先輩という壁を見て、その集大成を見ることもなく終わる。


その背中はカッコイイものだったのか、それとも情けなくダサいものだったのか。



“先輩と後輩”


たかが一歳の差。


中学生にとって、世界を支配する上の存在。


心に根付くは憧れか、蝕むものか。


「「うあっ……うああん!! あああああっ──!!!!」」


「……」


高い天井に向かって泣き叫ぶ後輩を見て、柚希もまた天井を見上げた。


(私って、ちゃんと先輩出来てたのかな……? 憧れって、難しい)


最初は柚希にとっても先輩とは憧れの存在だった。


勝敗は関係なく、練習を積み重ねてコートという居場所を得た先輩たちは輝いて見えた。


真綾や日葵に接する先輩たちの笑顔はキラキラしていて、その笑顔を自分にも向けられたいと願った。


一生懸命練習すればその目を向けてもらえるのか。


抱きしめてもらえるのか。


登下校に誘ってもらえるのか。


――先輩たちと同じことをしたら、その仲間に入れるのかな?



焦がれれば焦がれるほどにから回る。


睨まれて、冷たくされて、悲鳴に近い感情が勝手に表に出てくる。


駄々っ子のように暴れる姿はますます軽蔑の対象になった。


身を守るためにシングルスとしての絶対的な強さで、張り合うことを覚えた。


たった一歳の差で、勝てないくせに“先輩面”してなんてダサい生き物なんだ。


そう思うことで崖っぷちの強者となったのだった。


真綾は新入部員だった柚希の欲しいものを手に入れた女の子だった。


だからこそ余計に、牙をむかずにはいられなかった。


(あぁ、ちくしょう。

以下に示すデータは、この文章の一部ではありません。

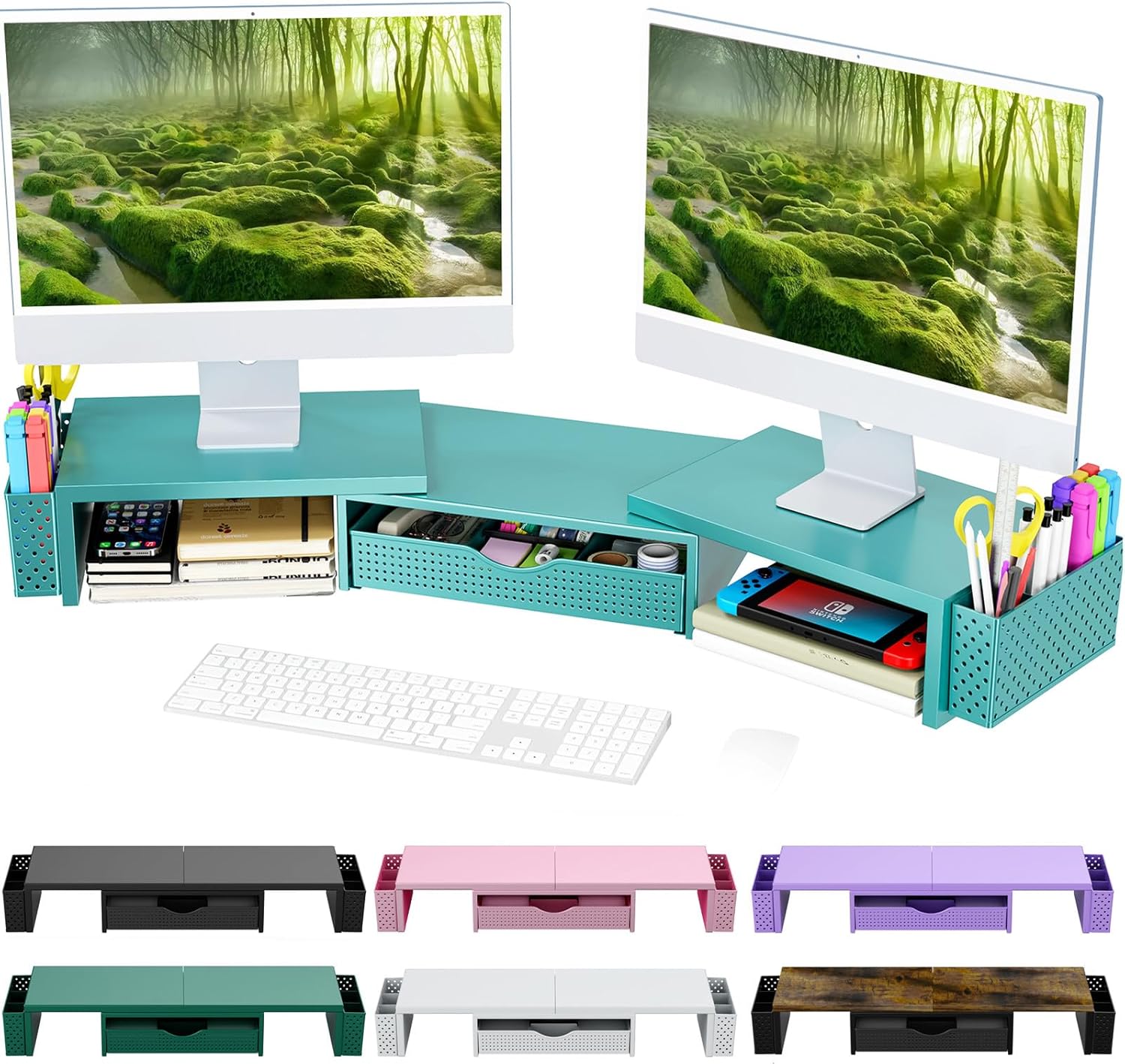 - Dual-screen office efficiency improvement: This desktop organizer is equipped with a dual-display stand, which can place two monitors at the same time, effectively expanding the workspace. It also has adjustable length (27.6-40.6 inches) and angle to provide you with a better viewing experience.
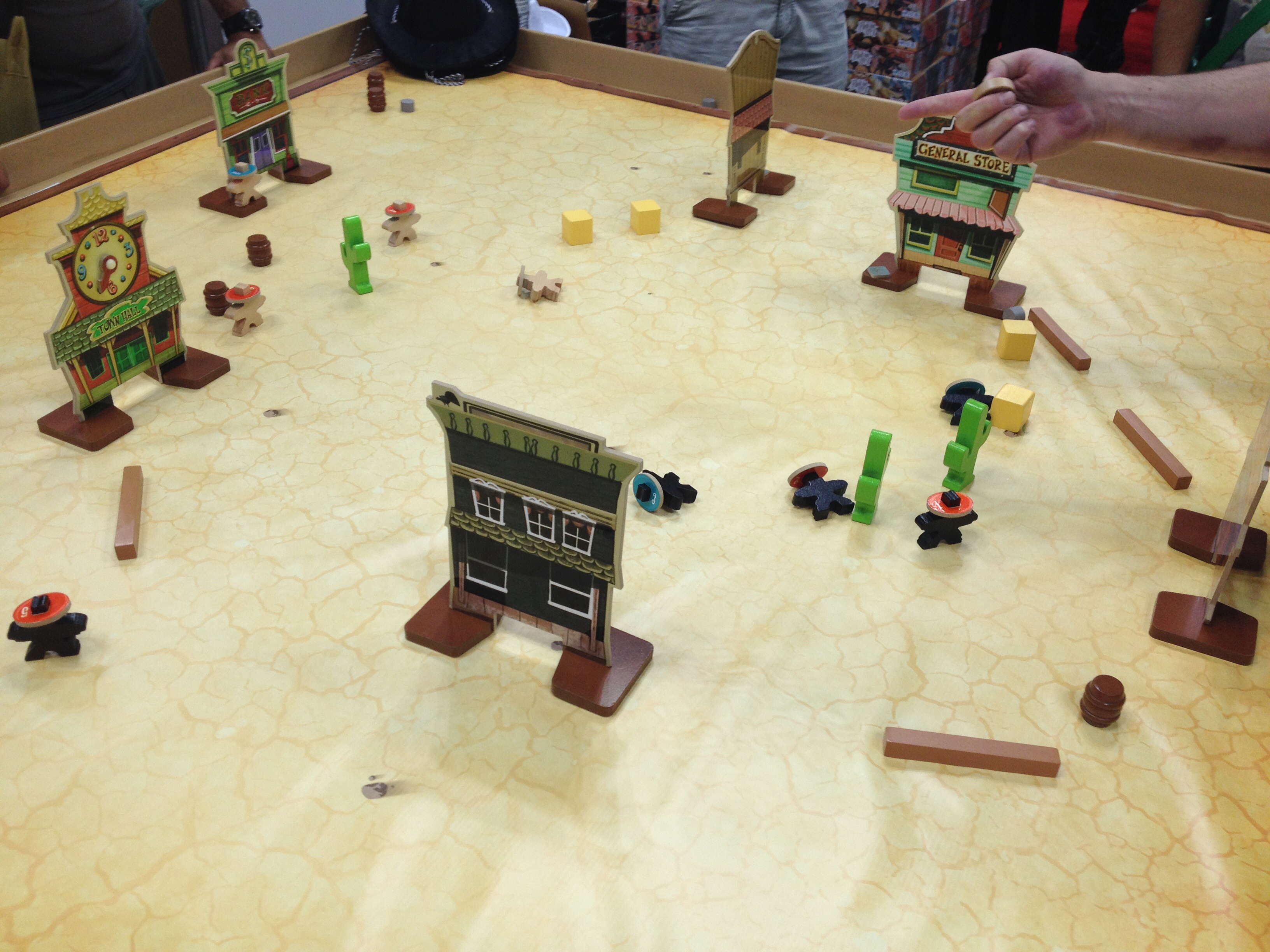 Ist ein Geschicklichkeitsspiel, was den Esstisch zum Wilden Westen macht. Das haben wir der amerikanischen Firma Pretzel Games zu verdanken.

最後に気付くなんてバカみたいだ)


真綾がうらやましかった。


柚希が欲しかったものを得ていた真綾だからこそ、絶対的な信頼があった。


柚希が出来なかったことを出来る真綾。


存在に焦がれたからこそ、ダブルスになることで隣を預けることが出来た。


(この二人にとって、私は良い先輩だっただろうか?)


――その答えは、二人にしかわからない。